Les costumes des frères changent aussi. Alors
que ceux d’Ismène et Antigone sont à peu près
identiques au début de la pièce, ceux d’Étéocle
et Polynice marquent déjà leurs personnalités
différentes : les vêtements empruntent aussi
à l’orient et à l’Antiquité, mais Étéocle est
sobrement vêtu d’une tunique violet foncé qui le
conforte dans son personnage austère de « petit
curé sombre »23, tandis que Polynice, l’enfant
gâté, « petit prince solaire »24, porte une tunique
claire ornée de colliers. Devenu souverain, Étéocle
arbore ensuite un manteau impérial qui signe
son statut et évoque celui de l’Aiglon. Dans le
deuxième épisode, l’arrivée de Polynice en tenue
de combattant insurgé, sorte de « guerillero »25
oriental hors la loi, qui peut évoquer celle
des moudjahidin26, annonce l’imminence de la
bataille. Étéocle, en revanche, conserve le même
vêtement puisqu’il est le roi et entend garder
sa position de souverain.
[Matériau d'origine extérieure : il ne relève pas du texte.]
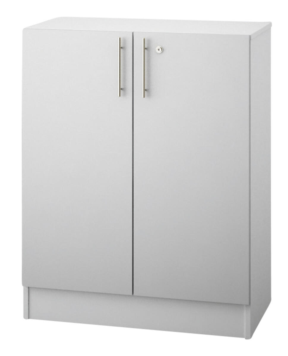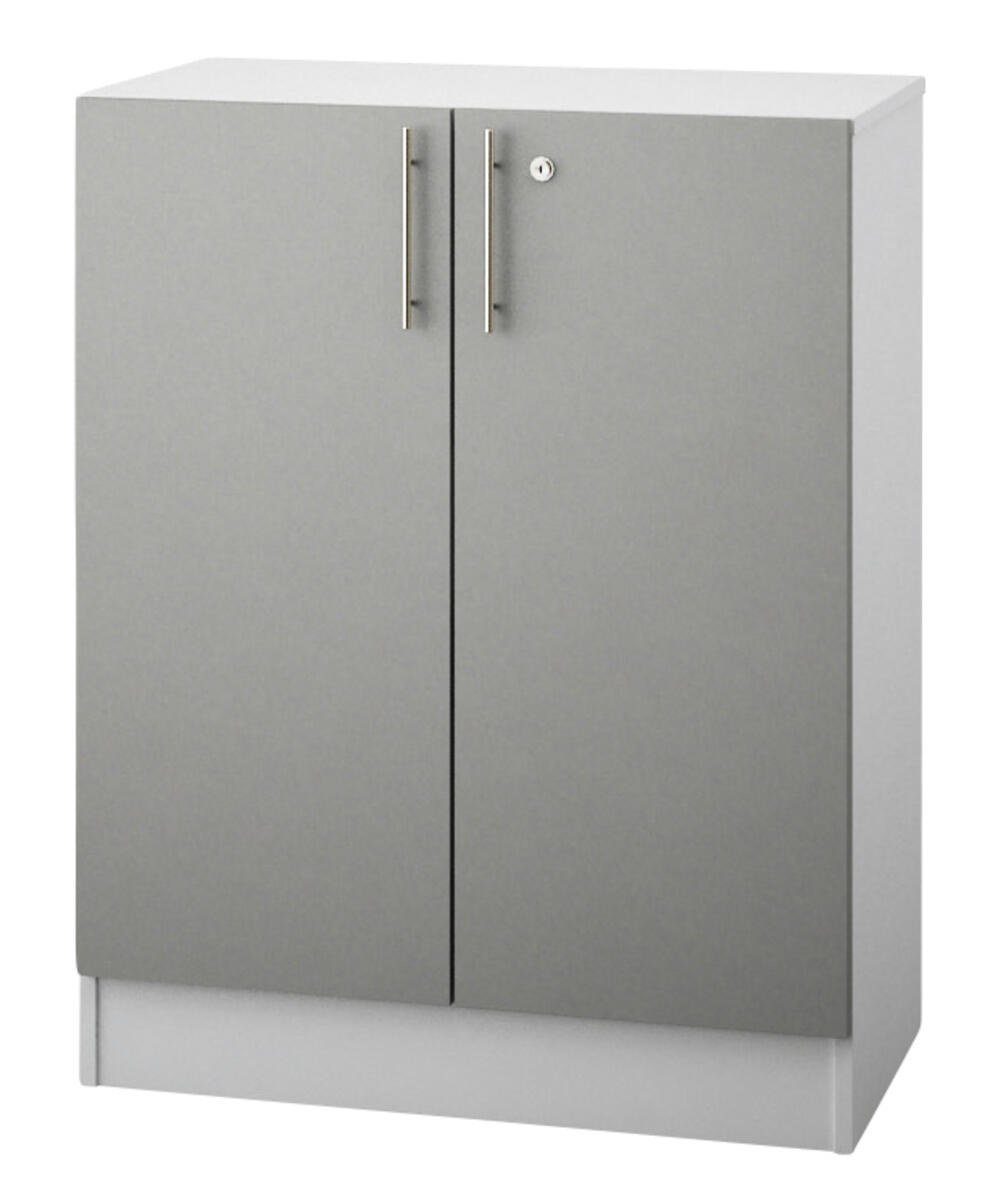 Låsbart (inkl. 2 nycklar). 2 hyllor. Mått: B80xD42xH101 cm. Grå stomme i melamin. Dörrar i högtryckslaminat.

Les pagnes en raphia
portés par les deux frères lors du combat feront
l’objet d’un commentaire dans « Représenter
l’irreprésentable », p. 20 du présent dossier.
b
Observer la distribution de la pièce (cf. annexe n° 4).
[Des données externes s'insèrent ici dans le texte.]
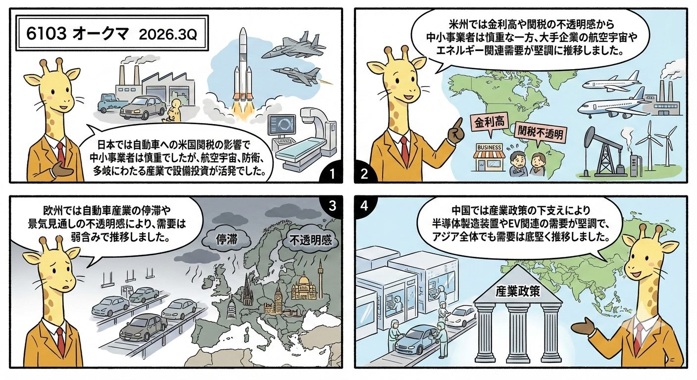 米州:金利高や関税の不透明感から中小事業者は慎重な一方、大手企業の航空宇宙やエネルギー関連需要が堅調に推移しました。

Neuf personnages figurent dans la didascalie initiale de Sous l’œil d’Œdipe mais huit acteurs
seulement sont présents sur le plateau. Les élèves rappelleront qu’un des personnages prend
deux aspects : la première Euménide de jour et celle de nuit, incarnées par la même comédienne,
Mélanie Couillaud. Jacques Bonnaffé joue successivement le rôle d’Œdipe et du garde.
b
Pour évoquer le jeu des acteurs, demander aux élèves de commenter la citation suivante
de Joël Jouanneau lors d’une rencontre avec le public pendant le Festival d’Avignon27 au
sujet de la direction d’acteurs :
Le travail des acteurs
« Il y a des familles d’acteurs et de voix, c’était le cas quand j’ai monté Lagarce et Jelinek. Dans
cette pièce, je voulais des antagonismes : le conflit tragique vient de ce que chaque personnage
a raison, chacun s’estime dans son droit, d’où la singularité des voix et des musiques de
chaque comédien. Les acteurs d’Œdipe sont des solistes. C’était un des enjeux du travail qu’ils
appartiennent à des univers très différents ».
23. Joël Jouanneau,
rencontre ANRAT du 15 Juillet 2009.
24. Idem.
25. Idem.
26. Nom m. pl. : mot arabe qui désigne
les « combattants de la guerre sainte ».
27. Rencontre ANRAT du 15 Juillet 2009.